Every May, in the auditorium, juniors take their chance at obtaining a coveted parking pass. For many, their commute options for next year depend entirely on a random lottery. Those whose names are called will have a guaranteed place to park from September to May. While those who don’t get a pass may entirely forget the possibility of parking at school, others get creative when looking for options. Some of these creative alternatives include packing the adjacent streets, obtaining a two hour pass from the township, and–most boldly–parking on LM’s property without a pass.

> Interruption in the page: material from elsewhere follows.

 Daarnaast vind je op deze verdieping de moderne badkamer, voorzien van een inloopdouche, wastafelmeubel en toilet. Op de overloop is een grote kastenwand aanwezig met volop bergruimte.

The Kobe Bryant Gym parking lot is effectively the ‘senior parking’ lot. For most of the year, students with a pass would park there with no problem. Simultaneously, seniors without passes have discreetly parked in the back lot, the one next to Butcher Field. According to Kajsa Borgelt ’26, “It started with just a few cars in the back lot but, as the year progressed and the weather got worse, I would get to school and notice only a few spots open.” It was a widely known secret of sorts: seniors who were unfortunate enough to not obtain a pass would park in the back lot and the campus aides would not take notice. But, as Borgelt notes, as the “open secret” spread a new problem arose: juniors. According to some disgruntled seniors, juniors are a major fracture in the already fragile parking ecosystem. As senior Sophie Thomas ’26 explains, “If the juniors didn’t park back there, then it would be no problem for all the seniors.” But it’s not only in the unsanctioned back lot where juniors started to park, as Joe O’Gara ’26 claims some juniors are audacious enough to park “every morning and take up multiple spots in the Kobe Parking Lot, the de facto senior lot.”

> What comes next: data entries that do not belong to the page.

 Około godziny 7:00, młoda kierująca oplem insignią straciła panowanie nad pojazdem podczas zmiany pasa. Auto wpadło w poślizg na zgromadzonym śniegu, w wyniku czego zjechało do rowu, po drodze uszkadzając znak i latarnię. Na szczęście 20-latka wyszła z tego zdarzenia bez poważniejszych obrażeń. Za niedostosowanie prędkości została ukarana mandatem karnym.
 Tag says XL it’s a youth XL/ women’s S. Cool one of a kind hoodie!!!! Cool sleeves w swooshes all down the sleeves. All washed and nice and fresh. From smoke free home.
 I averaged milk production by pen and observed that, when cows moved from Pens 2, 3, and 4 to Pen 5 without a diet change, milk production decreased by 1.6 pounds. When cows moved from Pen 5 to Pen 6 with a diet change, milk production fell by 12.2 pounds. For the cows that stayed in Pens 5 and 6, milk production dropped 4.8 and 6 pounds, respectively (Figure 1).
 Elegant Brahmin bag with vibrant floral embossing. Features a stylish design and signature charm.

On February 26, Alex Jackson ’26, a student with a parking pass, drove into the Kobe Parking Lot looking for a spot. When he found that all the spots were filled, eager to get to his classes, Jackson parked on Owen Road, which earned him a thirty dollar ticket. Zach Snyder ’26, another student with a parking pass, ran into a similar predicament. With the Kobe lot being full, he parked in the administration lot, unknowingly taking the superintendent’s parking spot. This led to an unprompted message on the announcements asking for a student to move their car from the lot.
Undoubtedly, students with parking passes like Jackson and Snyder feel slighted at this anarchic parking free-for-all, but for some students parking without a pass isn’t a malicious ambush but one of necessity. As many students point out with vehement annoyance, when LM was renovated in 2010, rather than finding creative solutions to create parking for a large number of students, they only created one student lot. To further fuel this anger, cross-town rivals at Harriton High School have enough parking spaces for all juniors and seniors to park. While these grievances are targeted towards the administration, admittedly they are not totally at fault, the parking dilemma at LM is also a product of geographic circumstance. Unlike Harriton High School, located in a more sparsely populated part of the township, LM’s location is in the heart of the township’s commercial and government centers. Less than a mile from both Suburban Square and Narberth’s commercial Haverford Avenue, the area surrounding LM is not just densely populated but also heavily trafficked especially on a morning commute. No matter what the administration could have planned for the 2010 renovation, the geographic area of LM would remain the same.
Even with uncontrollable circumstances, the administration has started to crackdown nonetheless. On February 26, several students were confronted after school in the Back Lot as they started to depart from school. Alex France ’26 was stopped by a campus aide he’s “never seen before” and was asked for a student ID. When France responded that he did not have his, the aide asked for his drivers license, took note of it and then took a picture of his license plate before letting him drive off the premises. France and other students were later punished with the loss of their free periods for two weeks and a lunch detention. Other students, like Thomas, explained that they found a bright orange sticker on their windshield reading “WARNING”––a foreboding sign of the administration’s new attitude towards students who dare to take the risk.
While there’s not a singular issue that proves that the parking situation at LM needs reform: seniors who should be enjoying their final year now have the stress of finding a spot, juniors who are struggling under the weight of harsh academics now have the anxiety of evading campus aides, and the administration itself have to now levy resources towards parking restrictions. Whoever you are,we can all agree that something needs to be done to ensure both student happiness and administrative quota.